The initial momentum of the system is 0, and the final momentum is given by: momentum of man + momentum of boat = 0.
Since the momentum of the man is given by: momentum = mass * velocity = m * 4 m/s = 4m.
And the momentum of the boat is given by: momentum = mass * velocity = M * (-0.8 m/s) = -0.8M.
Setting the initial and final momentum equal to each other, we get: 4m + (-0.8M) = 0.
Simplifying the equation, we have: 4m = 0.8M.
Dividing both sides of the equation by 0.8, we get: 5m = M.
Therefore, the mass of the boat is 5 times the mass of the man, which is 5 * 60 kg = 300 kg.
Answer: The mass of the boat is 300 kg.
Question 4:
To find the shortest distance separating the two persons at the end of 20 minutes, we can use the concept of vector addition.
Since the two persons are walking along roads that make an angle of 60 degrees with each other, the distance between them can be found using the formula: distance = √(a^2 + b^2 - 2abcosθ).
Let's assume the speed of each person is 3 km/h.
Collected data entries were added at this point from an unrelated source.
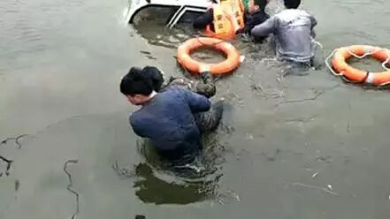 “警察同志,赶紧救人,车子在下沉,里面的人还没出来呢。”
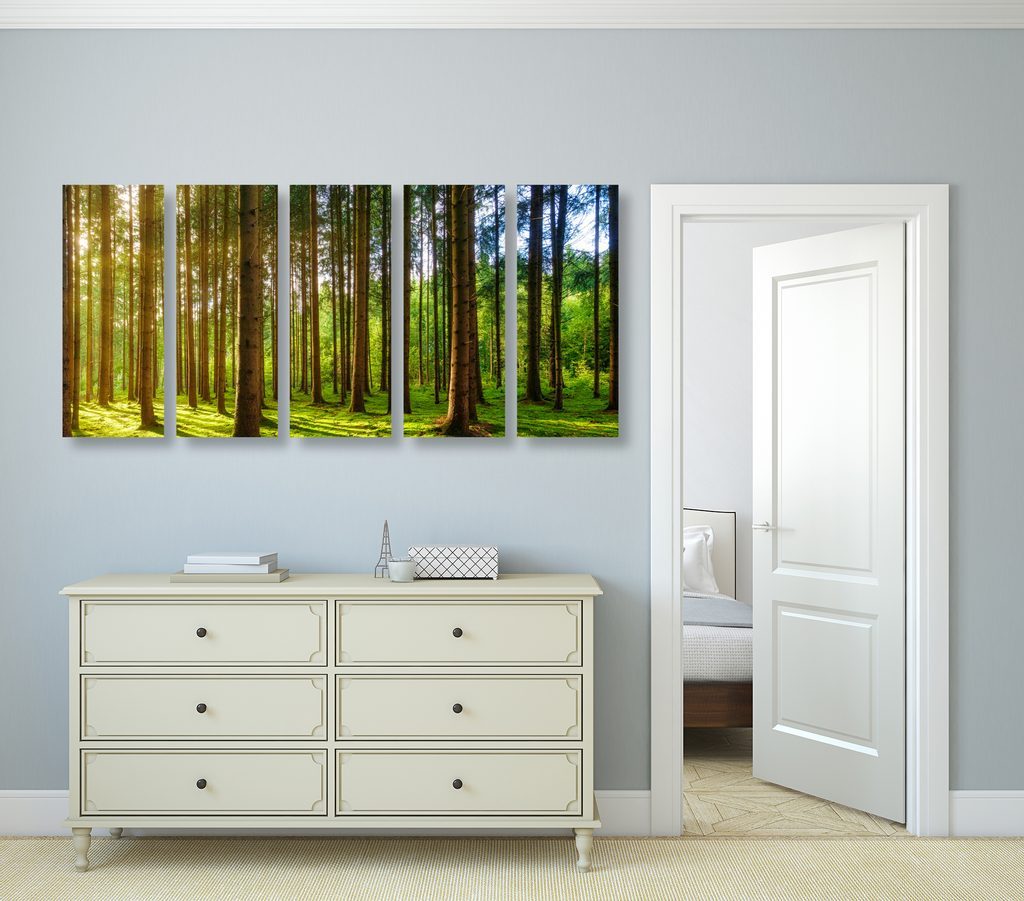 5-dílný obraz nádherné paprsky slunce mezi stromy
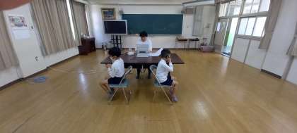 多目的室で、オージオメーターを使用して聴力検査を行っています。
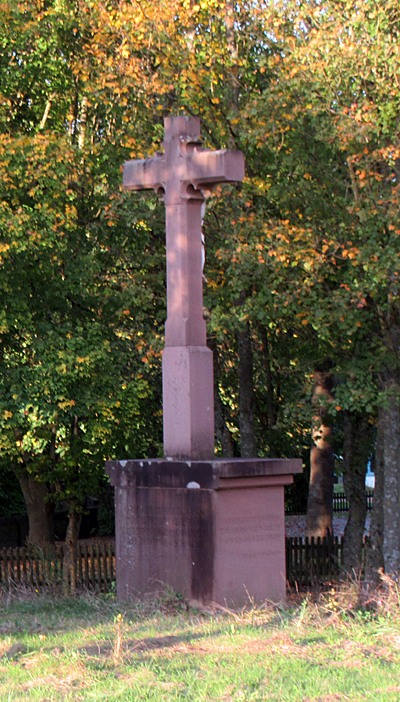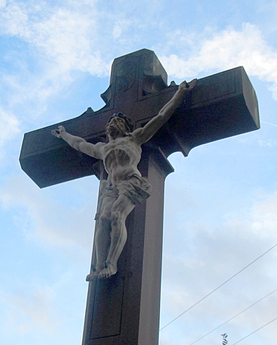 Mächtiges Altarkreuz aus Sandstein, gotisch verziertes Abschlusskreuz mit Korpus.

The distance traveled by each person in 20 minutes is given by: distance = speed * time = (3 km/h) * (20/60) h = 1 km.
Let's represent the distance between the two persons by "c" km.
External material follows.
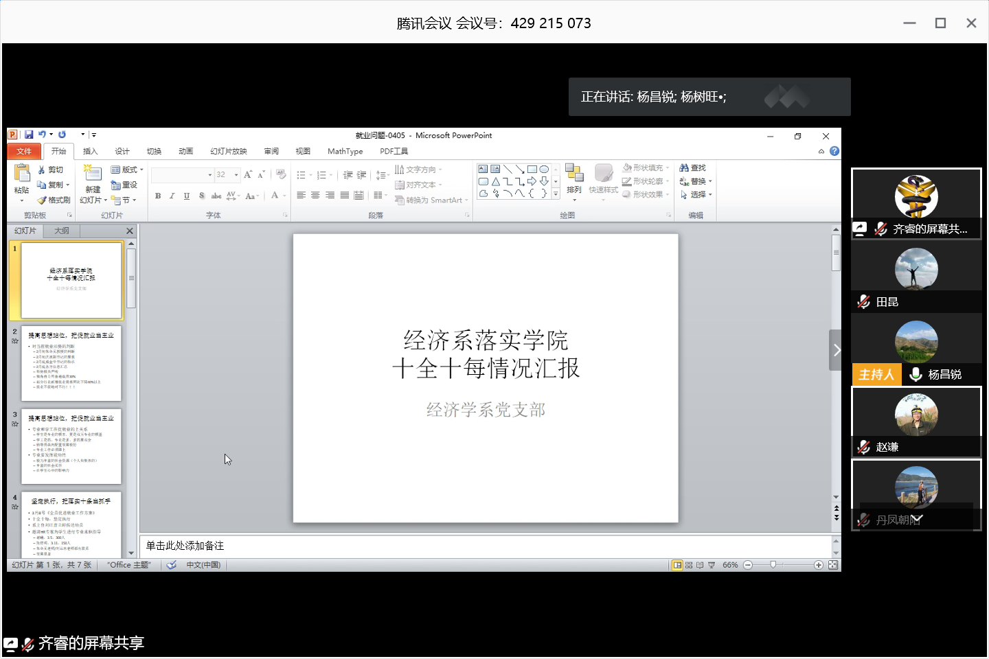 经济系教职工党支部书记齐睿分享了经济系的就业促进工作,介绍了邀请资深HR来校讲座、组织考研学生模拟面试等好的做法,呼吁各系要提高思想站位,把促就业当主业;坚定执行,把落实《方案》当作抓手;深入思考,建立促就业长效机制。
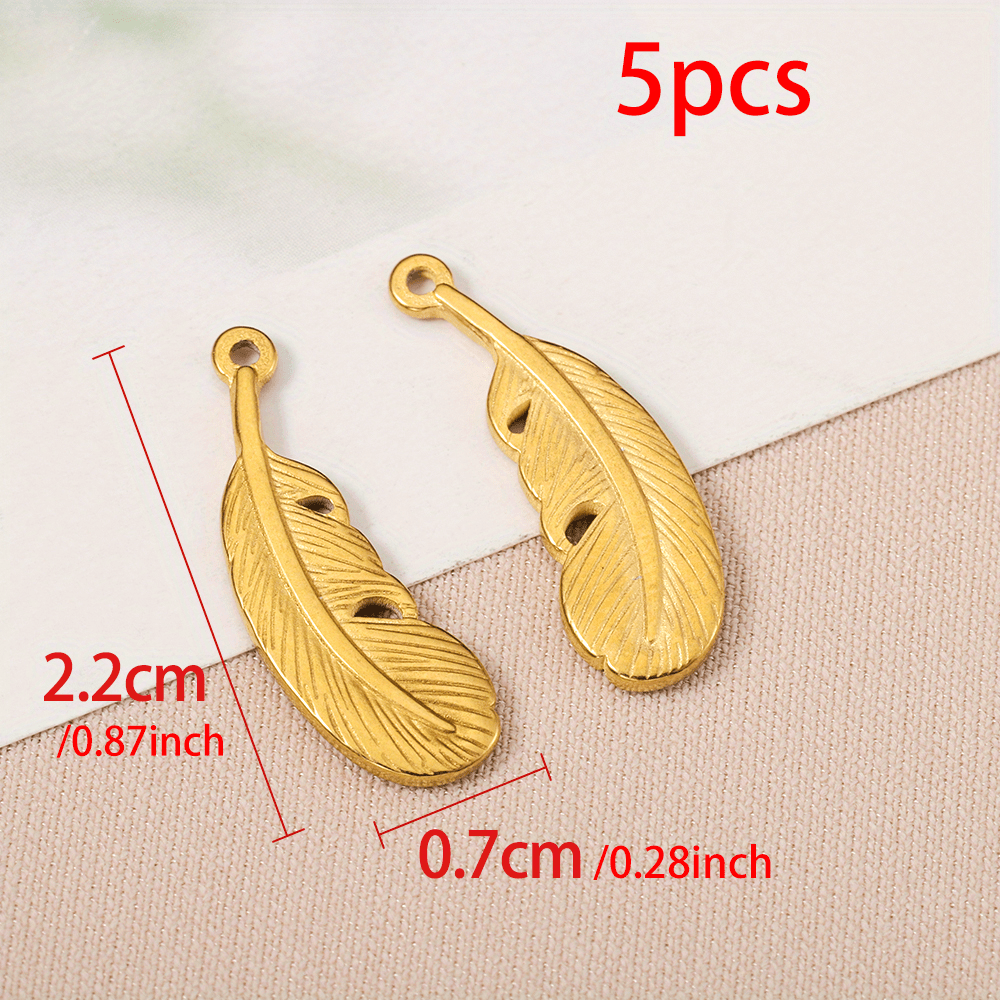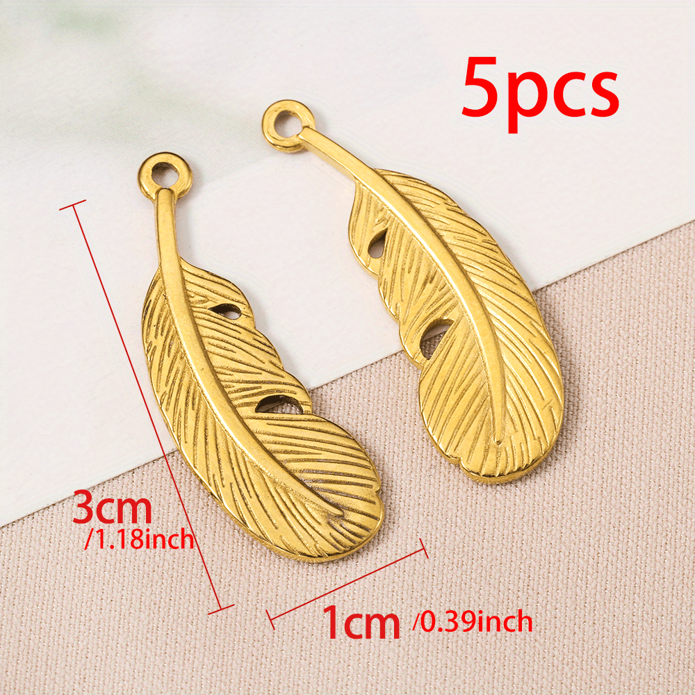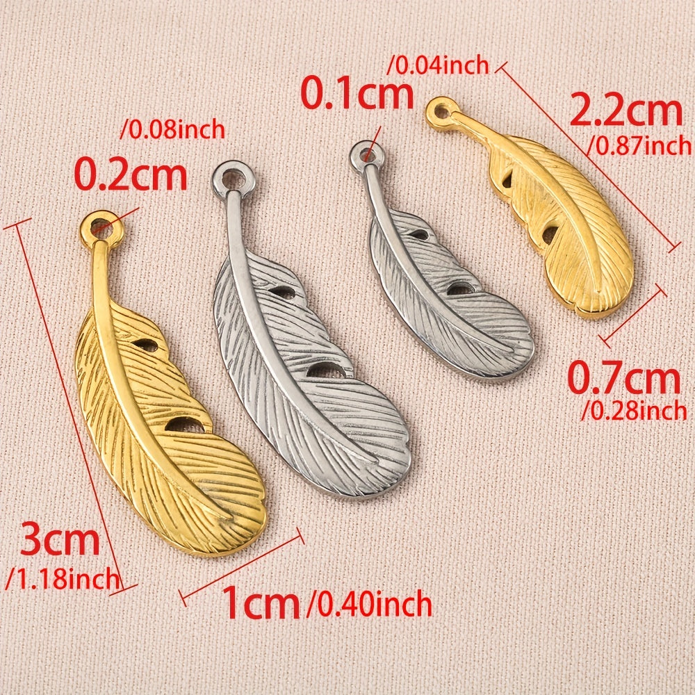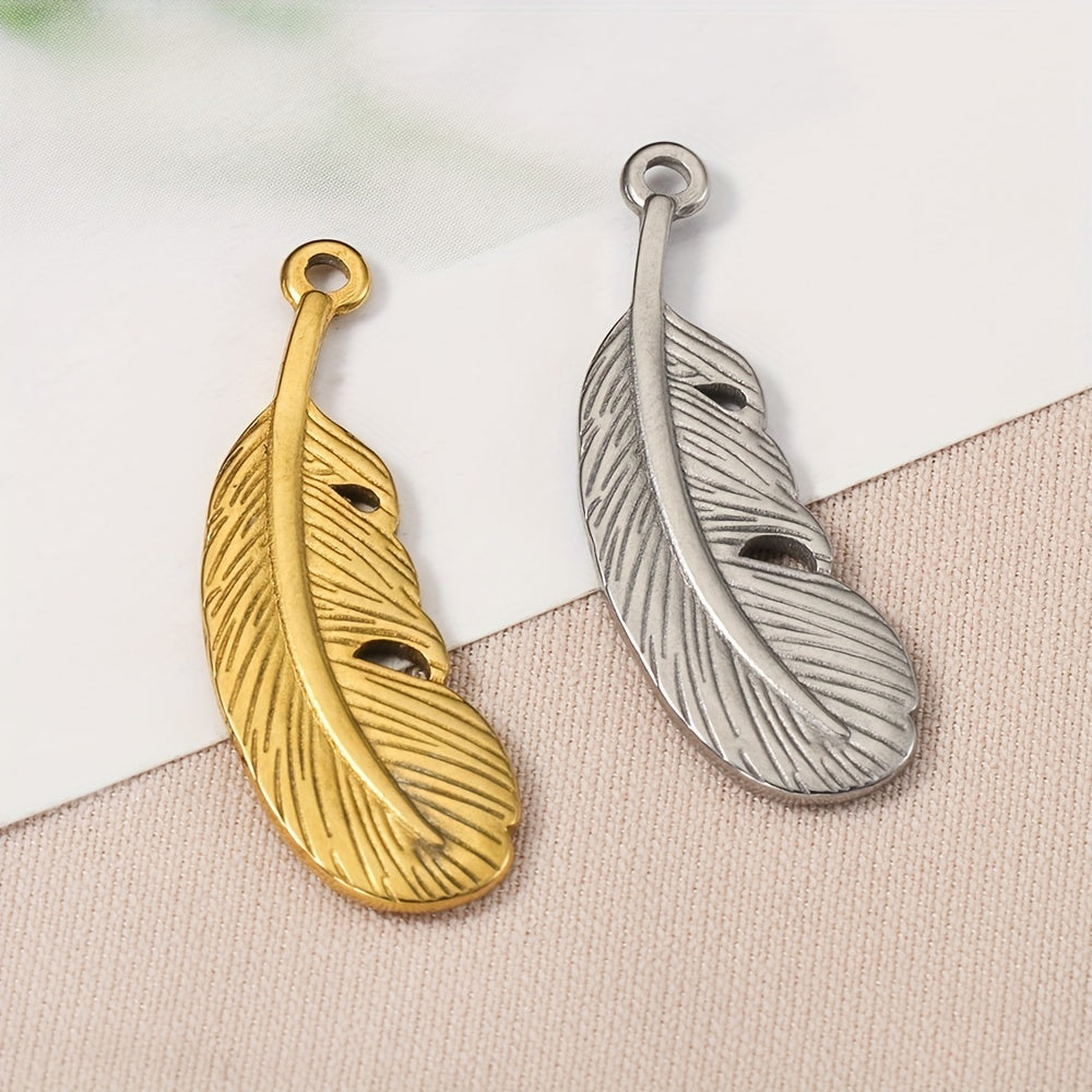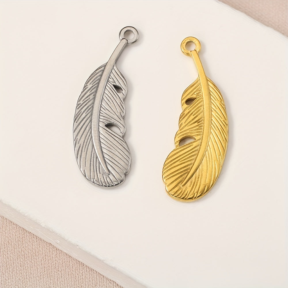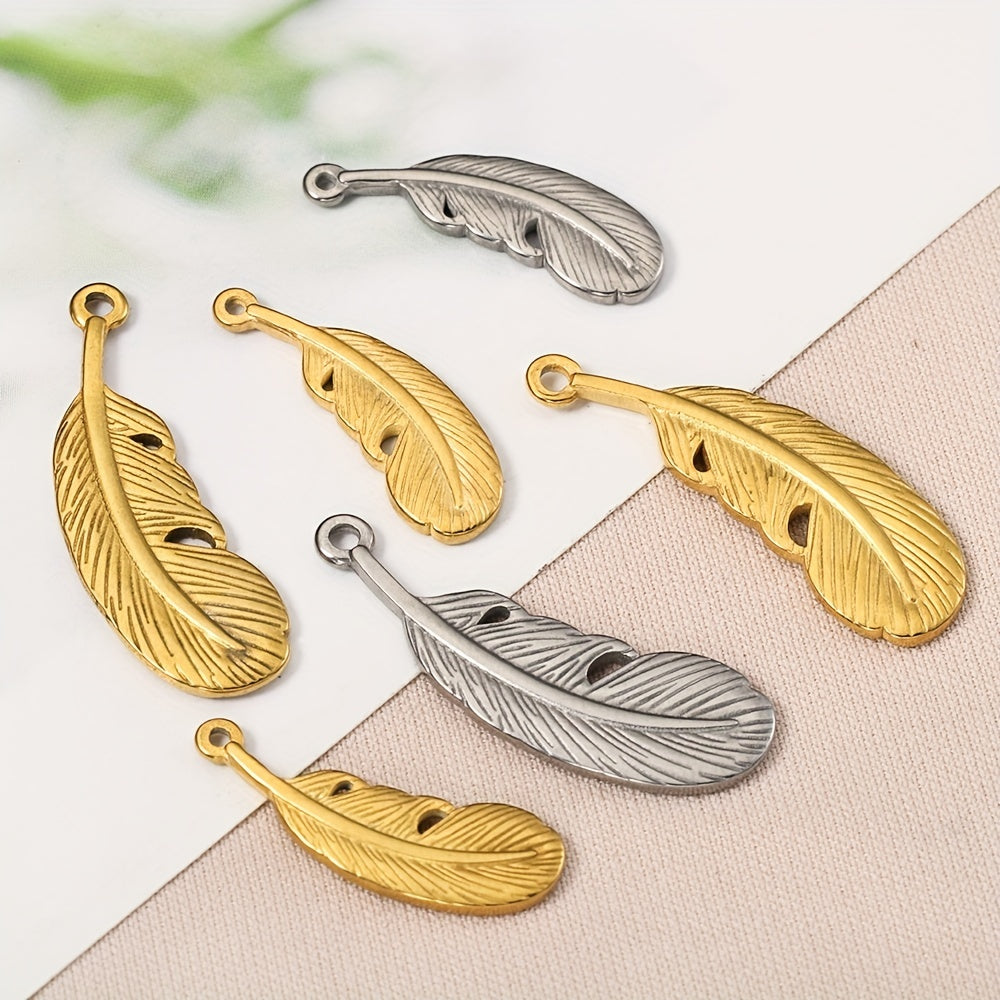 Add a touch of elegance to your jewelry creations with these stainless steel feather pendants. Available in golden or silver colors.

Using the given angle of 60 degrees, and the distances a = b = 1 km, we can plug these values into the distance formula to find "c": c = √(1^2 + 1^2 - 2 * 1 * 1 * cos60°).
Simplifying the equation, we have: c = √(1 + 1 - 2 * 1 * 1 * 0.5) = √(2 - 1) = √1 = 1 km.
Therefore, the shortest distance separating the two persons at the end of 20 minutes is 1 km.
Answer: The shortest distance separating the two persons at the end of 20 minutes is 1 km.